Abstract This paper has focused on the dynamic analysis of mechanisms with closed-loop configuration while considering the flexibility of links. In order to present a general formulation for such a closed-loop mechanism, it is allowed to have any arbitrary number of flexible links in its chain-like structure. The truncated assumed modal expansion technique has been used here to model link flexibility. Moreover, due to the closed nature of the mentioned mechanism, which imposes finite holonomic constraints on the system, the appearance of Lagrange multipliers in the dynamic motion equations obtained by Lagrangian formulation is unavoidable. So, the Gibbs-Appell (G-A) formulation has been applied to get rid of these Lagrange multipliers and to ease the extraction of governing motion equations.
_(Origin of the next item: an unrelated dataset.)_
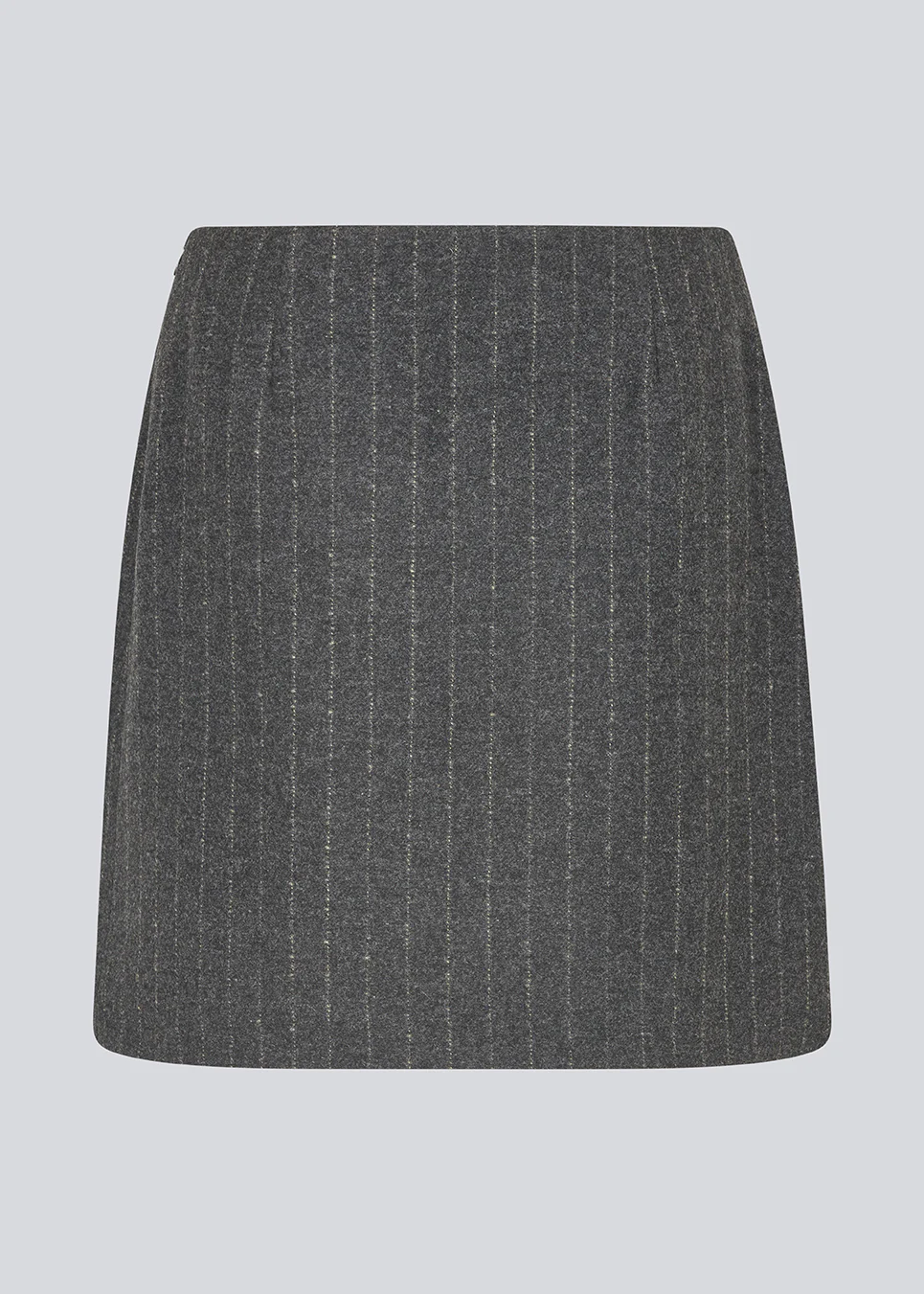 Kort mørkegrå stribet nederdel i uldblanding. KristolMD skirt har foer og en usynlig lynlås i siden. Modellen er 175 cm og bruger størrelse S.
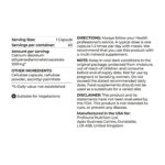 Serving Size: 1 capsule, Servings per container: 60

In addition to the finite constraints, the impulsive constraints, which originate from the collision of system joints with the ground, have also been formulated here using the Newton's kinematic impact law. Finally, to stress the generality of the proposed formulation in deriving and solving the motion equations of complex closed-loop mechanisms in both the impact and non-impact conditions, the computer simulation results for a mechanism with four flexible links and closed-loop configuration have been presented.